During his tenure, Anisimov oversaw major tournaments such as the 2012 European Judo Championships and 2014 World Judo Championships in Chelyabinsk, 2013 Judo World Masters in Tyumen, the 2016 European Judo Championships in Kazan, the 2014 Golden League European Club Championships in Samara, 2016 Golden League European Club Championships in Grozny and the elite Masters tournament in Saint Petersburg in 2017.

Anisimov's time in charge of the Russian Judo Federation coincided with a large increase in participation in Judo in Russia. He advocated participation in Judo for children as young as seven, "now children practice from the age of ten, but this bar should be lowered," Anisimov told reporters in 2016.

In 2017 Anisimov was presented with a certificate conferring sixth dan by head of the International Judo Federation Marius Vizer. The same year Anisimov was awarded the Order of Alexander Nevsky for his services to Judo. The award ceremony was held in the Catherine Hall of the Kremlin on July 7.

Anisimov is also a member of the supervisory board of the All-Russian Volleyball Federation.

In October 2022 Anisimov ended his tenure for family reasons.

== Philanthropy ==
Anisimov is known for his active interest in the Russian Orthodox Church and has overseen the restoration of 30 churches. During his absence from business in 2000 he spent time on Mount Athos and spoke with priests, "I never in my life thought that I would kneel. And now I meet morning and evening with prayer."

He has provided financial assistance to the Moscow Diocesan House, which houses the theological faculty of the Orthodox St. Tikhon University for the Humanities. Church restoration work includes the Temple-Monument on Blood in the Name of All Saints on the site of Ipatiev House in Ekaterinburg, where the family of the last Russian emperor was shot.

== Personal life ==
Anisimov has been married twice. To Galina Anisimova and has four children.

Their daughter, also named Galina, was murdered along with her husband, Alexander Nalimov, both found "bound and killed execution-style," in their Ekaterinburg home in 2000. A second daughter is the actress and entrepreneur Anna Schafer, star of the 2017 film Elizabeth Blue and co-founder of cosmetics range Bare Essential Organics. His second marriage was to Ekaterina, and brought another daughter and a son.

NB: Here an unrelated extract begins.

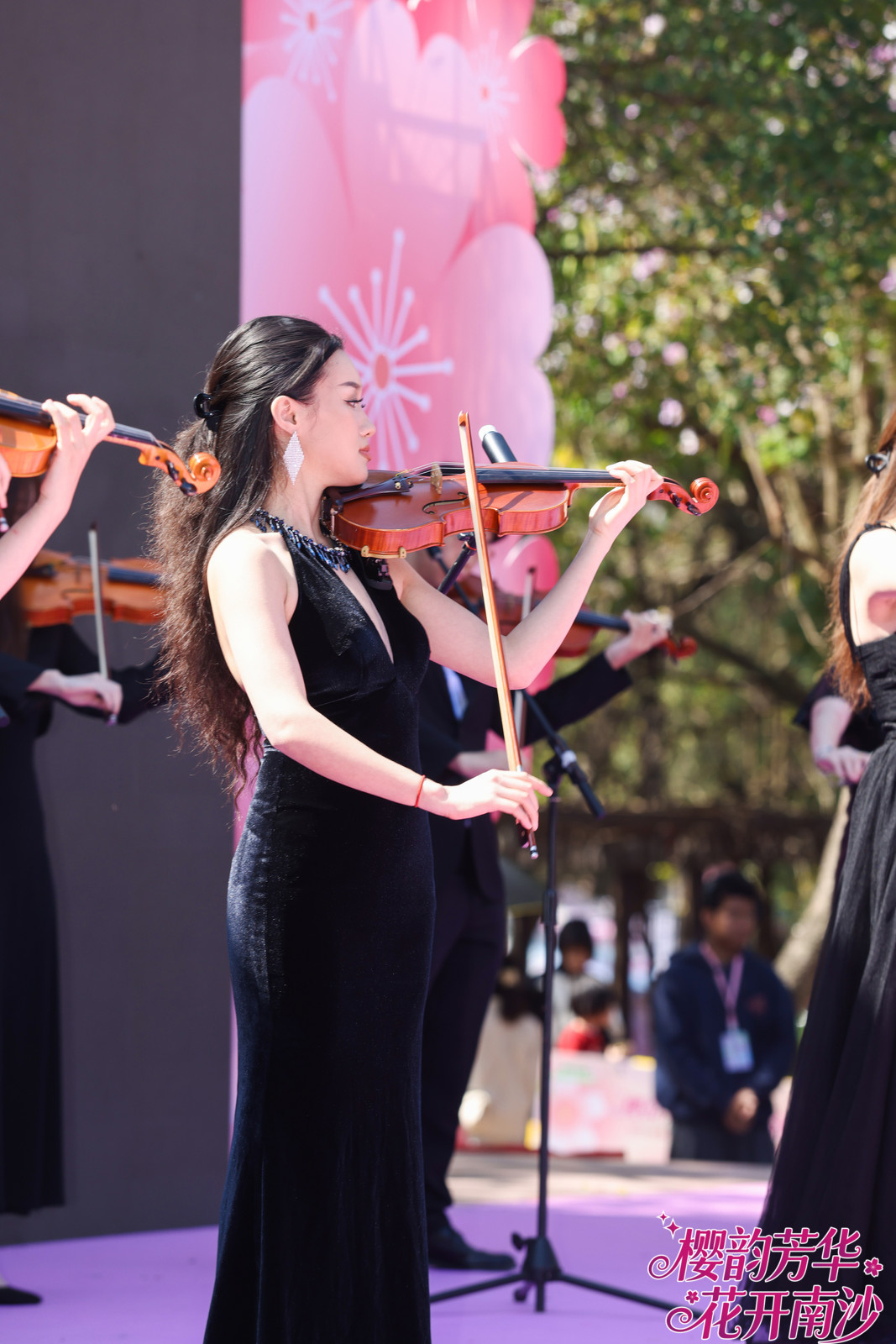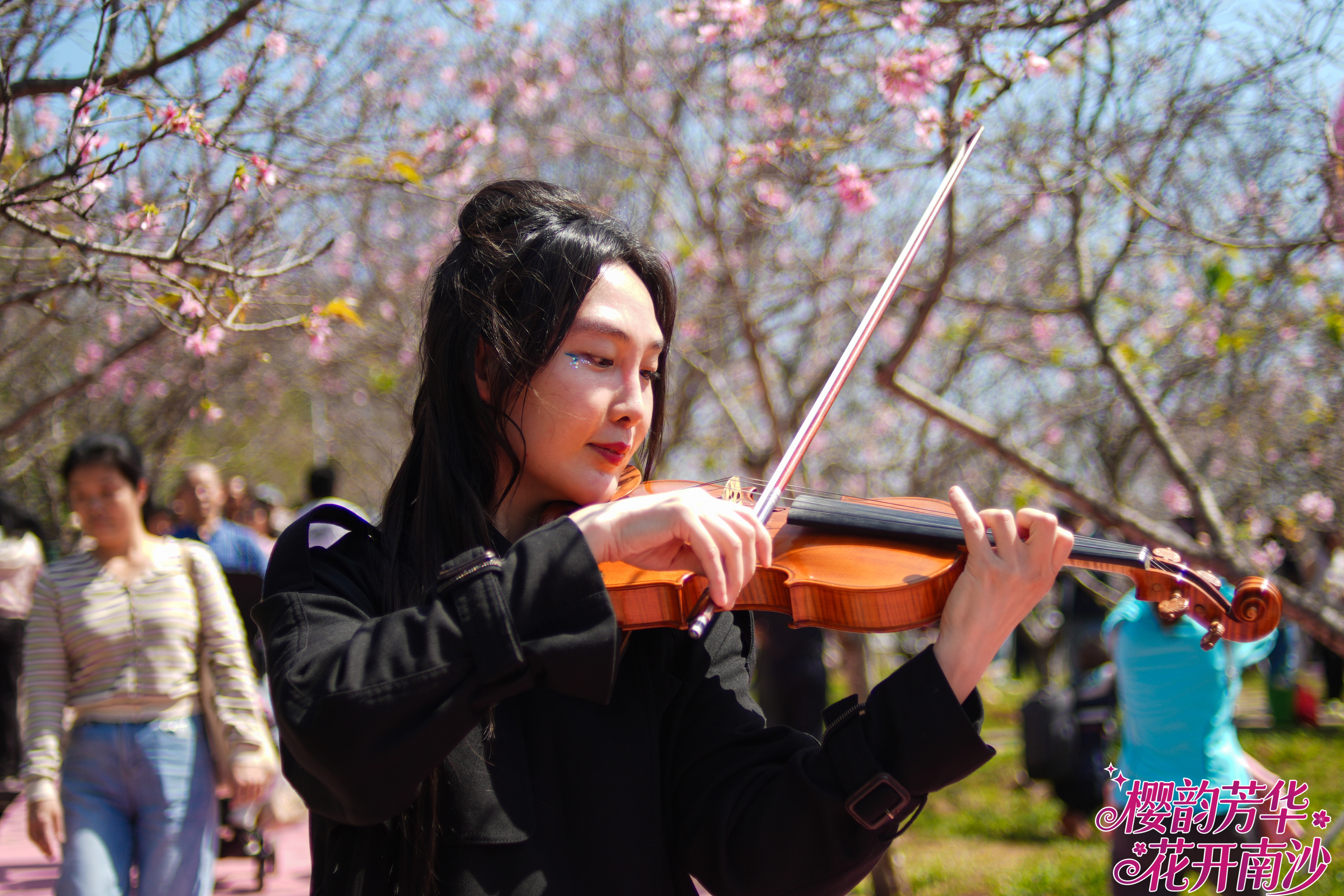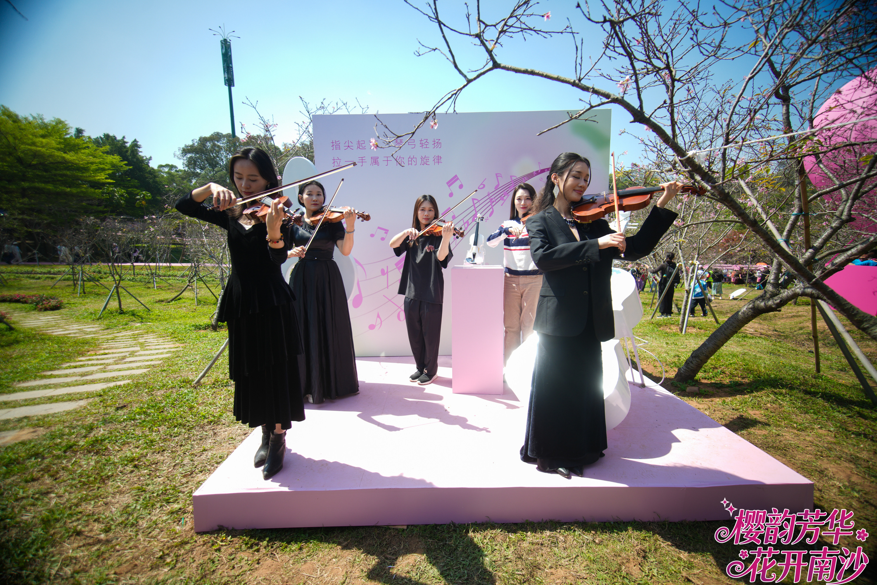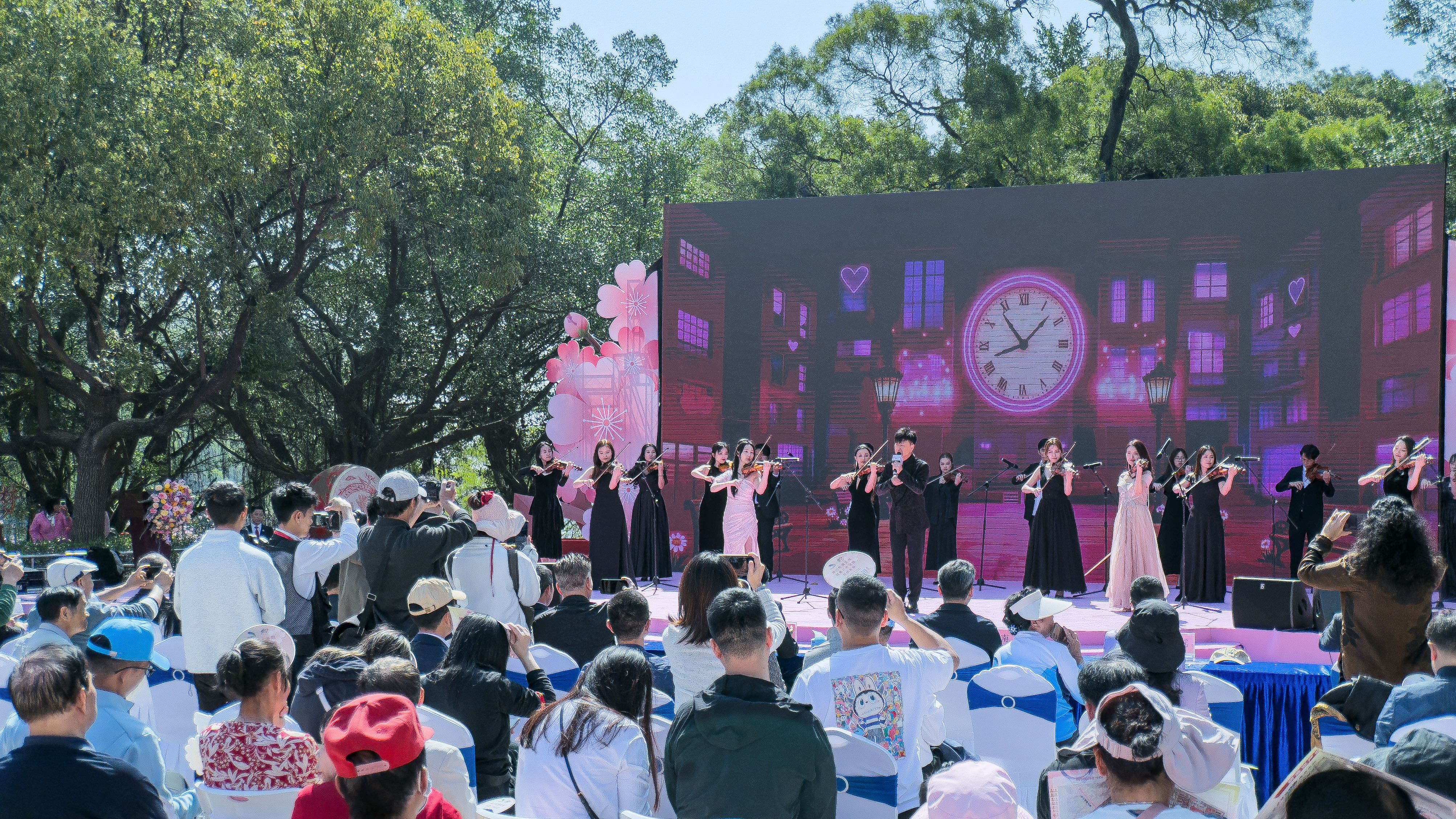 这支特别的合奏团,源于一次“群众票选”。樱花节开幕前,主办方发起“樱乐由你定”乐器评选,邀请市民游客投票选出最期待在樱花树下听到的乐器。经过热烈反响,“乐器皇后”小提琴以最高票数脱颖而出。随后,面向社会公开招募演奏者的消息发出,吸引了粤港澳大湾区众多小提琴手踊跃报名。

Until 2017 his main residence was in Küsnacht, Switzerland; 2017 he moved to Moscow. He maintains properties there and in New York.

In an interview with Forbes, Anisimov described his life, "I have no hobbies, I cannot sit with a fishing rod for days or hunt down an animal. It so happened that my hobby is work. As long as I am quite an active person, as long as I can stay awake for three days, I have to move forward."